En ese entonces, el llamado de organizaciones de defensa a la libertad de prensa, como la CPJ y la FLIP, logró que la Unidad Nacional de Protección reforzara su —ya nutrido— esquema de seguridad, mientras que Naciones Unidas tituló en mayúscula un contundente comunicado de apoyo: “La oficina de la ONU para los Derechos Humanos expresa su preocupación por las amenazas en contra del periodista Gonzalo Guillén”. Gajes del oficio: Guillén hace tiempo se hizo a la idea de que, para seguir trabajando en el país, varios escoltas armados lo deben seguir de día y de noche, como su propia sombra.
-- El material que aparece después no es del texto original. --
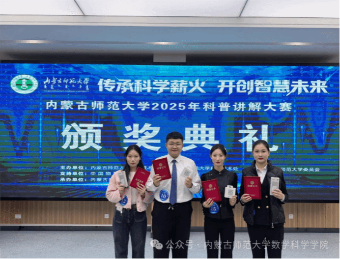 本次大赛以“传承科学薪火,开创智慧未来”为核心主题,鼓励参赛者用通俗易懂的形式解读专业知识、传播科学思想。金年会官网4位参赛同学紧扣大赛宗旨,聚焦不同科普方向打造优质作品。25级专硕班贺越越《蒙古包中的“圆锥数学”——草原居民中的几何智慧》荣获二等奖;23级四班白昊杨同学的《治沙计算器——内蒙古万亩林田中的网格数学》斩获二等奖;23级四班庞静同学的《草原上的斐波那契数列——从羊草分支看生态平衡》获三等奖;25级信班王娜蓉同学的《揭开雷暴哮喘的神秘面纱》荣获三等奖。

Sus hazañas son divulgadas, comentadas y compartidas en tiempo real por miles de cibernautas que, hoy por hoy, ven a Guillén como un justiciero del periodismo nacional, un vigilante de la moral pública que investiga a los gánsteres del bajo mundo y los castiga con el látigo del cuarto poder —una versión un tanto caricaturesca, a lo Dick Tracy, pero no del todo falsa, del reportero bogotano. Sea como fuere, su alter ego de influencer twittero es lo único relativamente nuevo ya que el Guillén de carne y hueso lleva más de cuatro décadas dando de qué hablar.
Hay quienes dicen, medio en broma, que Gonzalo tiene alguna pizca de vocación suicida en el inconsciente: desde el periodismo, se ha pasado la vida revirándole a los estamentos del poder en Colombia, a los gobiernos y a las mafias, o mejor, a los gobiernos de la mafia. Guillén publicó sus primeros artículos a mediados de los 70 cuando entró a trabajar en el periódico El Tiempo —en la vieja sede de la Calle 13, con Enrique Santos Castillo como redactor en jefe. Allí ganó dos Premios Simón Bolívar de Periodismo, uno detrás de otro: en el 79, tras documentar la matanza de migrantes colombianos en Venezuela, y en el 80, al destapar la corrupción en los aeropuertos. Desde entonces, sus investigaciones han sido piedras en los zapatos para el bandidaje criollo de castas bajas y altas.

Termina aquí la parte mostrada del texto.